# Use savings for my BOL



## Dirk (Mar 4, 2015)

Currently I am spending a big part of my savings for my BOL. Even if trouble isn't coming, it is a nice place to stay. Further, we later plan to sell our normal house and move to this place. So the question is, is it a good idea to spend a big part of my savings on a BOL?


----------



## darsk20 (Jun 1, 2015)

Interested to hear responses to this.


----------



## Prepadoodle (May 28, 2013)

How can you go wrong?

If you plan to live there full time and be more self sufficient, it sounds like a great idea to me. You would be better off if something happens, and better off if nothing happens.

I would love to hear more about your plans.


----------



## A Watchman (Sep 14, 2015)

Why not invest some of your savings in your planned lifestyle/location change? You have to live somewhere, might as well be your BOL.


----------



## MaterielGeneral (Jan 27, 2015)

What about your employment. If you move to the BOL how will you work?


----------



## Prepared One (Nov 5, 2014)

I like the idea of investing in your BOL. That is my plan currently. To buy a place far removed from the cities and then move there. I am currently looking at properties that suite the wife an I. We have a large house now that is way to big for us and we both want out of this damn city so that is our end game. I have logistics to work out of course. As long as you have some reserve money set back I like your idea.


----------



## Smitty901 (Nov 16, 2012)

Your preps should have a dual pay off any time you can make it happen. That is smart prepping. 38 years ago when I purchased this farm they said I was nuts. I wanted it to stay in the family and paid a bit extra so no one could say I got deal. Well those same people now call me a lucky SOB. Confusing how I could be both. 
Every change to this property even building the new house was weight against preparing and living out our lives here.
Wife's flower and sun room becomes a place to start garden plants early, even grow indoors if needed.
Bike room becomes an armory . Basement becomes living area to conserve heat ect, for now it serves many uses and the reinforce safe room is always a good idea for storms of any kind.. Until SHTF just changes to enjoy.


----------



## Slippy (Nov 14, 2013)

I know a cool dude who saved for years then stopped investing in his retirement and directed that money toward a piece of land in the country. That cool (and handsome guy) then sold his big ass house in the suburbs with the big ass mortgage and built a small efficient home on his paid for land in the country with no mortage.

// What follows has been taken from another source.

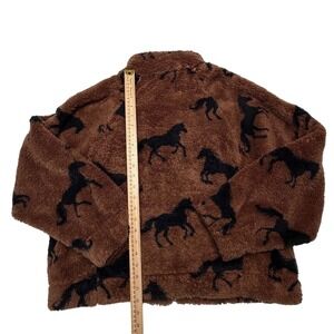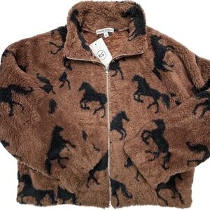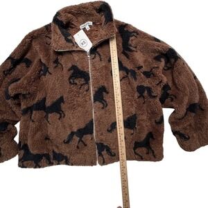 Knapp Studio Horse Print Fleece Jacket Brown Black Full Zip Sherpa NWT Large Equestrian Western Boho Indie Festival Lightweight

He is one Happy Happy Happy cool handsome and smart guy who now has more money to invest and save if he chooses and is not a slave to the man. (Plus cool handsome smart guy really started to hate the neighbors and the dipwads on the HOA and cool handsome smart guy's wife thought he was going to kill them all)


----------



## whoppo (Nov 9, 2012)

We recently liquidated stocks towards the cash purchase of what will be our primary retreat in the mountains. 
For now it's a great place to park the motorhome. In the 10 years left before retirement we will build the off-grid infrastructure and the buildings using budgeted funds... no loans/mortgages.
On retirement day, our new home will be complete and all ours. We'll sell the property we're in now and put a few hundred thousand bucks into the single malt scotch and cigar funds... good to go.

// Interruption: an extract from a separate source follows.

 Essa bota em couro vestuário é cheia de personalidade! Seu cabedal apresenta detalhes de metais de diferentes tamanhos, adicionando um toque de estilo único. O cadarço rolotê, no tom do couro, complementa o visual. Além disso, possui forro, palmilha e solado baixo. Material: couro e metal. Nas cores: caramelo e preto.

If the world collapses in the meantime, we've still got a great place to park the motorhome.


----------



## RNprepper (Apr 5, 2014)

You have determine where you want your investment - in the bank or in hard real estate. Where is your money more safe? How quickly do you want to pay off the new property? Where is the greatest financial risk - having your money in the bank or in a mortgage that is not paid off yet? Do you intend to sell the current residence and if so, how much will that help with paying off the BOL? You are moving your money from one investment to another. Risk, growth potential, and you own comfort level need to be considered. Only you can answer those questions.


----------



## Ripon (Dec 22, 2012)

I don't think it's wrong so long as it doesn't impact your living expenses and cause credit card or other debts.


----------



## Camel923 (Aug 13, 2014)

Old Greek saying, moderation in all things. Investing in you BOL especially if your going to live there can be a great stratagy. I would also hedge my bets for retirement .


----------



## Dirk (Mar 4, 2015)

Prepadoodle said:


> How can you go wrong?
> 
> If you plan to live there full time and be more self sufficient, it sounds like a great idea to me. You would be better off if something happens, and better off if nothing happens.
> 
> I would love to hear more about your plans.


Thanks Prepadoodle,

The plan is that by the end of the year or the beginning of next year the place is finished. The place will be about 800 square feet. If it is only for my wife and me, then we will use the extra space for farming equipment. If trouble starts, I expect we will get some family as well. So it will be crowded. We already found out that during the current season (rainy season) there is some powercuts (the construction guys cannot use their tools). But as we already planned for a small solar solution that will all be fine. the solar will be just enough to run a fridge and some other things on. 
The land is about 1 hectare. We plan to have most of it with crops. It should be a mixture of crops as it mainly will be for own consumption. Actually, we already have all kind of things growing on it without taking care of it. things like bananas, papaya, rice, pumpkin, mulberry, coffee, bamboo.
Once we live there we want to have a few animals as well. Chickens, fish in the pond and goats.

Further, the place is next to a farmers village. Farming is here still very small scale. So no big machinery. The village itself has no airco shops and no ATM. So really simple. Also it is an hour drive from the nearest larger city.

Still working on the water. First of all we hope to catch as much rain during the rainy season. Calculated based on the size of the roof we could maximum catch about 4000 gallons of rain. So part of this we will try to store in tanks. The other part will flow probably in the pond.


----------



## Dirk (Mar 4, 2015)

All thanks for the supporting ideas to go on with our BOL


----------



## Dirk (Mar 4, 2015)

MaterielGeneral said:


> What about your employment. If you move to the BOL how will you work?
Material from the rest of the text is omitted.